At the time of his brother’s restoration, James, Duke of York, who would one day reign briefly and ingloriously over his Britannic realms as King James the Second and Seventh, was the heir to three kingdoms and thus one of the most eligible bachelors in Europe. But he had thrown away the valuable diplomatic card of his marriage by secretly wedding one of his sister’s maids-of-honour, a plain, witty girl who was eight months pregnant by him when they belatedly reached the altar. How history is dictated by the unanticipated rise of a male member at the sight of an inappropriate woman’s shapely leg or bosom! For fate dictated that the royal bedfellow was the daughter of Edward Hyde, the man whom the duke’s elder brother had just made his chief minister and Earl of Clarendon. To those who favour conspiracy over coincidence, this was damning: surely the evil minister had used his daughter’s charms to ensnare the heir to the throne, thus furthering the nefarious purposes of the said evil minister? Hindsight poured yet more oil onto the flames; yea, an entire ocean of oil. The king’s marriage to the Portuguese princess Catherine proved childless, and it did not require too fertile an imagination to conjure up a dark tale of Clarendon arranging a match to a barren queen in order to ensure that his own grandchildren would one day ascend the thrones of Britain. (This they duly did, in the stolid shapes of Queens Mary and Anne; but their accessions required a series of alterations in the state that would have boggled the mind of any man alive in that year of
sixty-five
, myself and their grandfather included.)

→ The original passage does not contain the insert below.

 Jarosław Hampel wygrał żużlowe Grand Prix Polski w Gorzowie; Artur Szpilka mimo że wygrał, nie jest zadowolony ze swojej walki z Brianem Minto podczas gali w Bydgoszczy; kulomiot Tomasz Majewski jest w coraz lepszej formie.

Thus as I rode into Hardiman’s Yard and endeavoured to assume an air of levity – of celebration, even – with which to break the news of my command to Cornelia, I conceived a list in my head.

Item – the said Matthew Quinton commissioned through the patronage of the Duke of York, who in our eight years of acquaintance has barely noticed the existence of said Matthew. To what end, pray?

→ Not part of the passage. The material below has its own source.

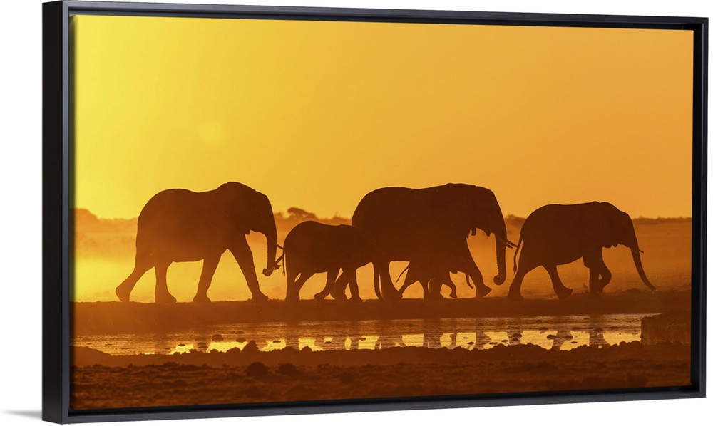 <p>Herd of Elephant walking in a dusty golden sunset at a waterhole, Nxai Pan National Park, Botswana.</p>

Item – the said Matthew Quinton to do the bidding of My Lords of Clarendon and Arlington, respectively the most hated man in England and the most sinister. Two men known for their utter detestation of each other, yet who seem to have found common ground solely in concurring that…

Item – the said Matthew Quinton to be the principal means of preventing the overthrow of the crown in a great naval rebellion.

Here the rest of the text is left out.